I'm not sure what you're trying to say...even though you watered the plant a lot, the soil still remained dry? In that case, I would try a bigger pot.

Where were you keeping the plant?


----------



## buddhistsoldier88 (Dec 1, 2007)

Andrew said:


> I'm not sure what you're trying to say...even though you watered the plant a lot, the soil still remained dry? In that case, I would try a bigger pot. Where were you keeping the plant?


No, what i meant was that the plant was dry and i kept it in a huge pot. I watered often..actually sprayed... As for keeping the plant i tried to keep it in a window sill but it got too cold and the sun hardly shined so i tried a lightbulb...


----------



## Andrew (Dec 1, 2007)

Ok, now I'm starting to understand. You seem pretty new to this whole thing, so I'll cover the basics.

There are three basic needs of sarracenia, or any carnivorous plant for that matter. They are Light, Water, and Soil.

Light - Sarracenia are outdoor plants, and must be treated as such. They need full sun outdoors or in a greenhouse at least 6-8 hours a day, and can tolerate temperatures excess of 100F.

Water - It would be good to check the specifics of your local water company. I use water from my refrigerator, but this doesn't work with everyone. You must use water with as few minerals or chemicals as possible. Since it is winter, you might be able to catch some rainwater and bottle it up for later use. Otherwise, buy distilled water. Even bottled spring water has stuff added to it that would be bad for your plants.

Soil - There are three main ingredients that people use, and they would be peat moss, perlite, and vermiculite. Personally, I don't use vermiculite much. About 1 part perlite to two parts peat moss would probably work fine. Never use potting soil, or anything with fertilizer in it.

Lastly, nearly all carnivorous plants require a cold dormancy(excluding nepenthes, and probably utricularia). During this period, they will appear to be dead. They still require watering, but not as much. Most sarracenia and venus fly traps are very tolerant of cold, even snow, but I think most reccommend to protect them from freezing wind.

I would really reccommend purchasing Sarracenia Northwest's "Secrets" e-book. I own it personally and it includes all the information you could need to get started in CP's.

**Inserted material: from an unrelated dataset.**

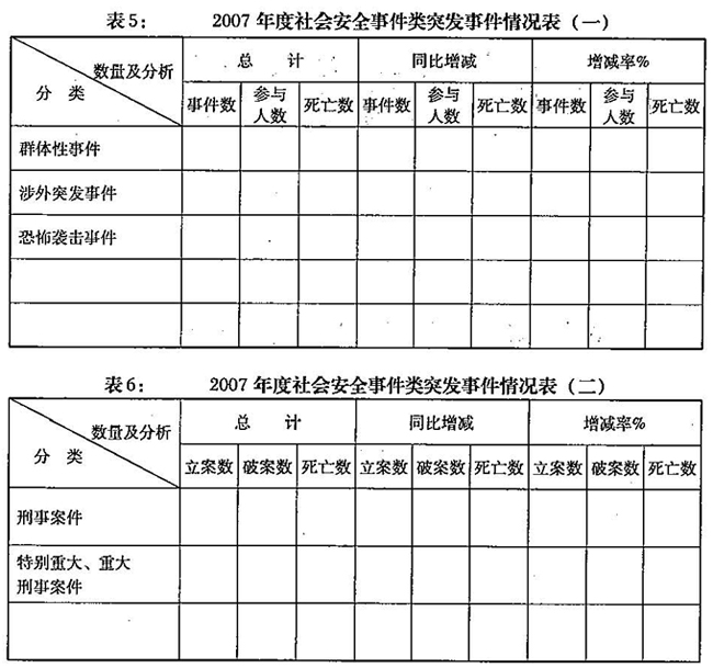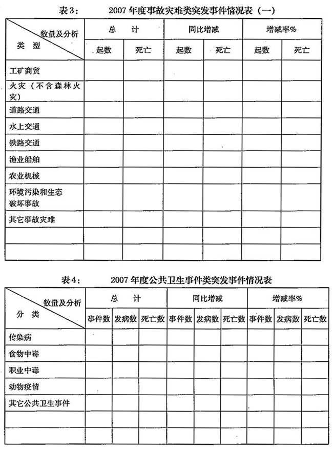 按照自然灾害、事故灾难、公共卫生事件和社会安全事件四大类,分别汇总总体情况及其所包含分类别的具体情况。主要包括2007年各类突发事件发生起数、伤亡人数、经济损失、与往年比较情况,以及特别重大、重大、较大三个级别的有关情况等,并对各类突发事件发生的主要特点进行分析。

http://cobraplant.com/index.php?main_page=...126fda1aa658a39


----------



## buddhistsoldier88 (Dec 1, 2007)

Andrew said:


> Ok, now I'm starting to understand. You seem pretty new to this whole thing, so I'll cover the basics.There are three basic needs of sarracenia, or any carnivorous plant for that matter. They are Light, Water, and Soil.
> 
> Light - Sarracenia are outdoor plants, and must be treated as such. They need full sun outdoors or in a greenhouse at least 6-8 hours a day, and can tolerate temperatures excess of 100F.
> 
> ...


I know the basics except watering...im afraid to get the roots to rot so i just sprayed...probably dehydration that killed them...


----------



## Andrew (Dec 1, 2007)

The roots aren't going to rot. Gotta keep the plant thoroughly watered.


----------



## bellerophon (Dec 1, 2007)

The tray method has always worked best for me


----------



## joossa (Dec 2, 2007)

I don't use the tray method. I find that it keeps the plants too wet. Instead, I just top water when the visible growing media (at the top of the pot) looks dry. I have never had to deal with any rot with Sarrs, only with VFTs.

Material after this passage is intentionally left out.